De-Googlifying Your Life

I came across a post from Kev Quirk on why he was ditching his Android phone. He’s trading it in for an iPhone SE. The TL;DR is that Quirk tired of having Google pry into his life and record everything he did. There’s hardly any technical detail in the post and his reasons for wanting to leave the Google ecosphere have been well covered by Irreal so it wouldn’t normally be of much interest to our readers—except as a bit of Apple triumphalism—but for the backstory.

The backstory is that the ditching of his Android phone is the latest episode in his year long effort to de-Googlify his life. He wrote a series of eight short posts about that effort in which he describes how he replaced Google tools one-by-one until he was left only with what he considered irreplaceable Google services. His phone was one of the original irreplaceable parts so he’s still making progress.

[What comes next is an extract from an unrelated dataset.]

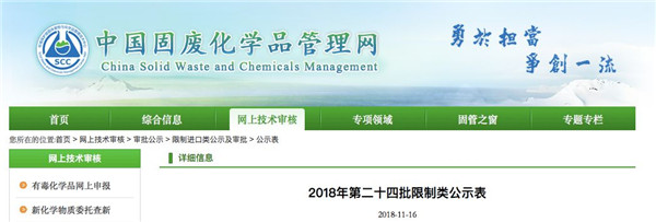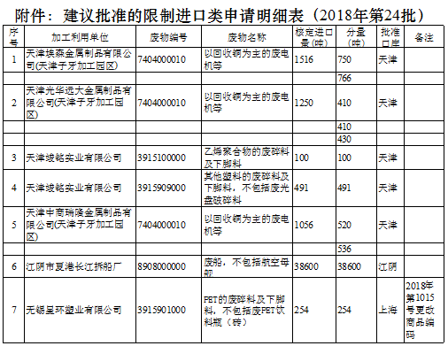 日前中國固廢化學品管理網發(fā)布了《建議批準的限制進口類申請明細表(2018年第24批)》,其中涉及30家企業(yè)具體內容如下: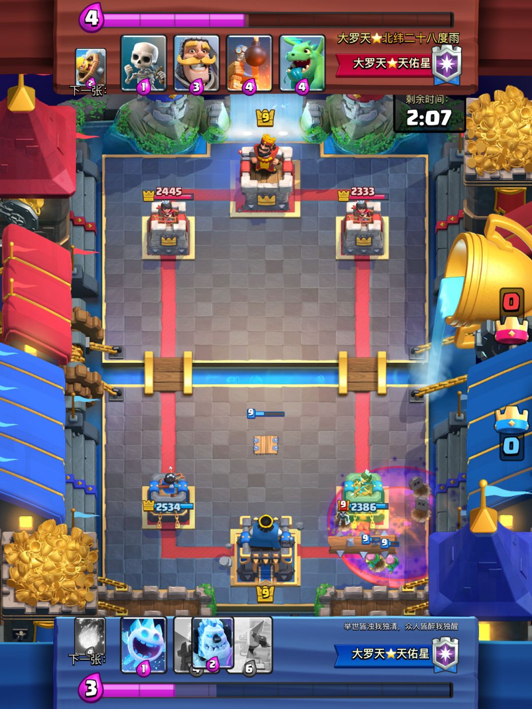 本期来讲讲速弩如何打墓园。速弩打墓园总的来说是优势对局,常见的墓园一般是龙骑冰法墓,弩立下来没有很好的部队挡弩,但玩的好的墓园有时候会抓住一波机会直接带走速弩打墓园得要预判,比如对面桥头骑士或龙宝,就有大概率要直接蹦迪,我们可以冰人挡住,别让骑士或龙宝进入公主塔攻击范围,再下弓箭手配合公主塔解墓园,基本上墓园一下都摸不到,再用电塔解过来的龙宝或者骑士。如果读出对面是墓园卡组,可以直接标准位立进攻弩,并下一个冰激凌在连弩前面,如果对面直接桥头炸弹塔炸连弩或者桥头骑士砍连弩,那趁他被冻住感觉顶上冰人保弩,电塔后位护弩,建议不要用电塔抗龙宝的伤,不然电塔没了连弩就任对面宰割了,稍微卖下弩血,被龙宝喷两口无伤大雅,电塔解龙宝的速度也是一流的。在防守墓园时,弓箭手作用就很大了,冰人挡住前排部队,弓箭手吃墓园,对面肯定会扔毒毒弓箭手,但弓箭手不会立即死亡,还能持续一段时间,弓箭手死了再补个滚木清走剩余骷髅。因为墓园如果看到弓箭手再毒,往往会让弓箭手活很久,吃掉很多小骷髅,所以墓园有时会预判毒药,这时弓的位置就很重要,推荐下左下角,或者国王塔前靠右一格,这样对面预判的毒药可能毒空,亏很多费。防完这波我们肯定是赚费方,立马立弩进攻,对面是很难挡下来的。以上是应对龙骑墓的方法,而最近新版墓园卡组融入了被增强的野蛮人小屋,一般对面都会开局中置小屋,我们就用连弩吃掉这个小屋,打这套墓园不能随便进攻,不然对面用房子挡死连弩之后还会留下一堆烦人的野蛮人配合墓园进攻,我们就很头疼,所以我们要做的就是不停的立防守弩,如果对面小屋中置,就防守弩吃掉,然后过出第二个弩进攻,对面肯定会转为沉底房子,我们就直接换路进攻弩,对面手上只有三费根本挡不住。总的来说,弩对中初级墓园,弩优势。但是遇见墓园高手,瞬间弩优势变劣势,我专门和七千墓园大佬来了几把,三负一胜,赢的那局还是对面失误了,墓园高手打弩和墓园普通玩家有不同的方法,令弩头疼,弩也要用不同的方法打,具体内容下期再

He started with what he described as the “simple stuff,” replacing Chrome with Firefox and Google Search with Duck Duck Go. He moved on from the low hanging fruit to the much harder to replace Gmail, GCalendar, and Contacts. He was, in all cases, able to find replacements that he felt were at least as good or better than their Google counterparts.

Of the services that he found irreplaceable, the only one I agree with is YouTube. That’s partly because (1) I don’t do social media of any kind except for Irreal, and (2) the Apple ecosystem provides me with good alternatives, which despite what Quirk says, have much better privacy policies.

The whole series is interesting and worth a few minutes of your time.